2 sin(x) + 3 > sin²(x)
0 > sin²(x) - 2 sin(x) - 3
0 > (sin(x) - 3) (sin(x) + 1)
The right side is 0 when either
sin(x) - 3 = 0 or sin(x) + 1 = 0
sin(x) = 3 or sin(x) = -1
The first case offers no real solutions, so we're left with
sin(x) = -1
which happens for
x = -π/2 + 2nπ
where n is any integer.
In the interval 0 ≤ x ≤ 2π, the expression is 0 for x = 3π/2 (when n = 1). So check the sign of the expression when x is picked from two different intervals:
• If 0 ≤ x < 3π/2, then sin(x) - 3 < 0 and sin(x) + 1 > 0, so their product sin²(x) - 2 sin(x) - 3 < 0.
• If 3π/2 < x ≤ 2π, then sin(x) - 3 < 0 and sin(x) + 1 > 0, so the product is again negative.
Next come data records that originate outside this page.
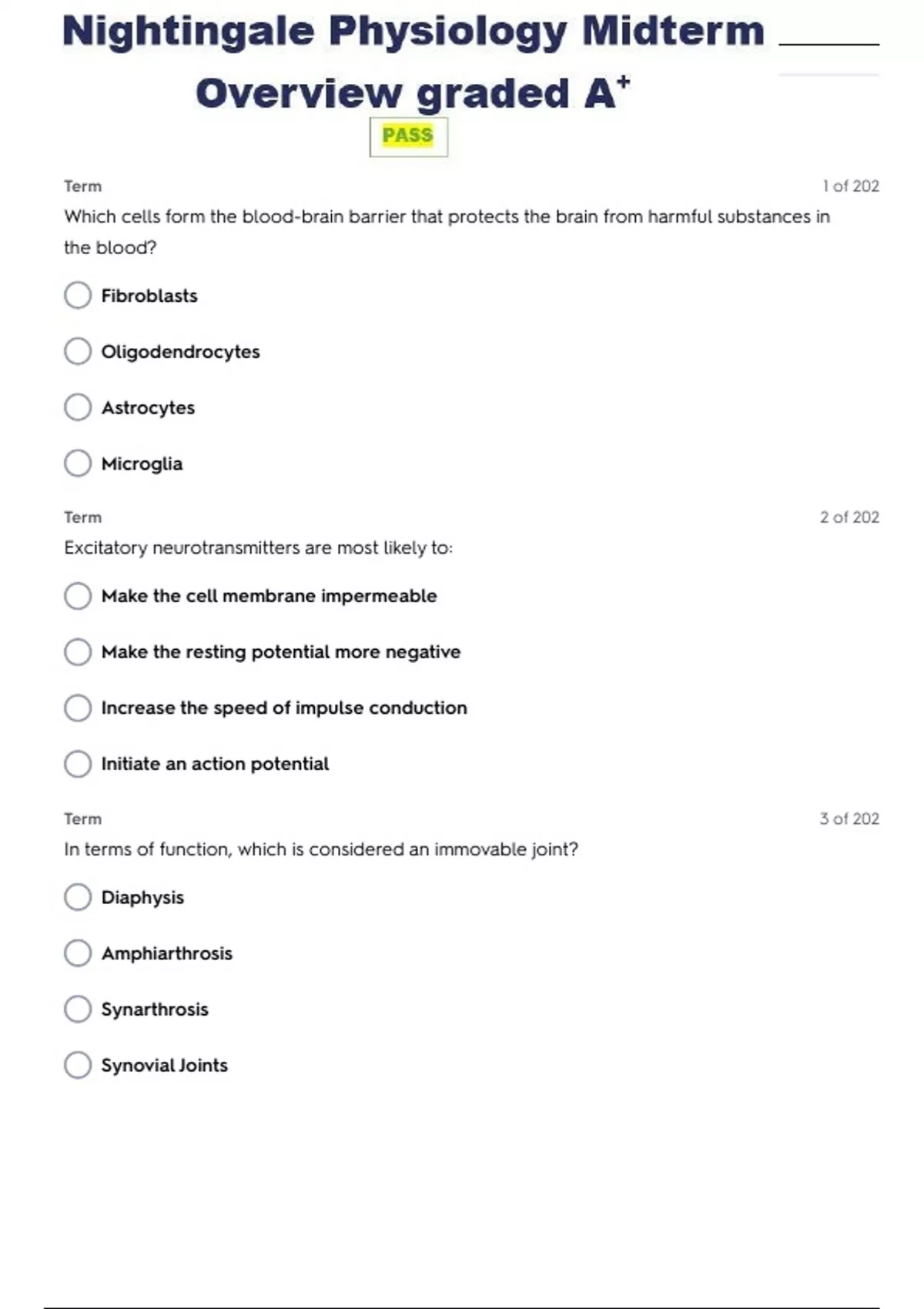 NIGHTINGALE PHYSIOLOGY MIDTERM OVERVIEW EXAM WITH COMPLETE SOLUTIONS
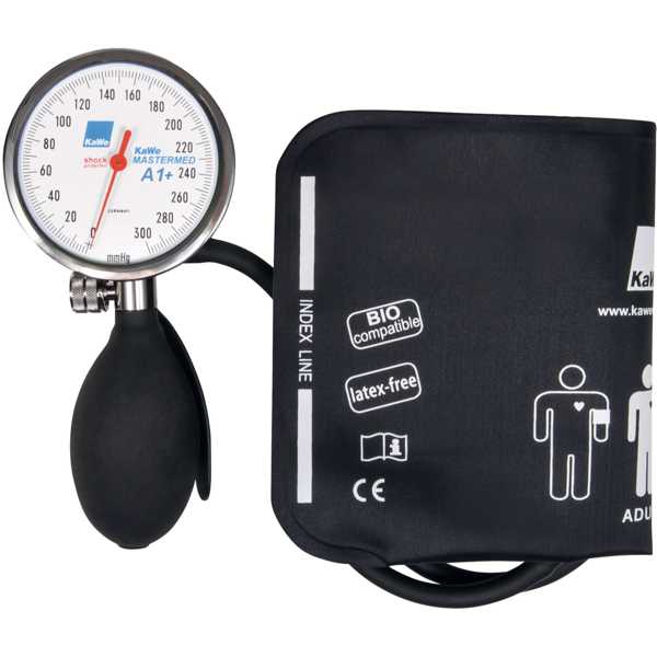 The Kawe Mastermed A1+ (11144) is a palm-style manually-operated aneroid sphygmomanometer. Blood pressure measurements are taken from the upper arm. It is intended for professional use.
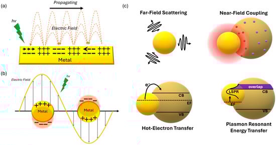 Schematics of the surface plasmons. (a) Propagating surface plasmon generated (SPP) at the metal-dielectric interface. (b) localized surface plasmon resonance (LSPR) induced in the metal nanoparticles. (c) Plasmon-driven far-field and near-field scattering, hot electron transfer (HET), and plasmon resonant energy transfer.
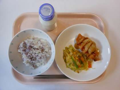 2月の献立は、6年生のリクエストを取り入れています。ゆかりごはんとジャンボ餃子は、6年生のリクエストです。特に餃子は、おかずの中で唐揚げ、中華風キュウリに続いてリクエストが多かったでした。普通の大きさの1.4〜1.6倍はある大きさの揚げ餃子で、甘酢だれをかけて食べます。

In both cases, sin²(x) - 2 sin(x) - 3 < 0, so we have the solution set
0 ≤ x < 3π/2 and 3π/2 < x ≤ 2π
Another way to arrive at the same conclusion:
0 > sin²(x) - 2 sin(x) - 3
Recall the half-angle identity for sin:
sin²(x) = (1 - cos(2x))/2
So we have
0 > (1 - cos(2x))/2 - 2 sin(x) - 3
0 > -cos(2x) - 4 sin(x) - 7
0 < cos(2x) + 4 sin(x) + 7
Both sin(x) and cos(x) are bounded between -1 and 1. If they are both minimized, so that cos(2x) = sin(x) = -1, then the right side is at least
-1 + 4(-1) + 7 = 2
so the inequality holds for all x in the interval, except for x = 3π/2.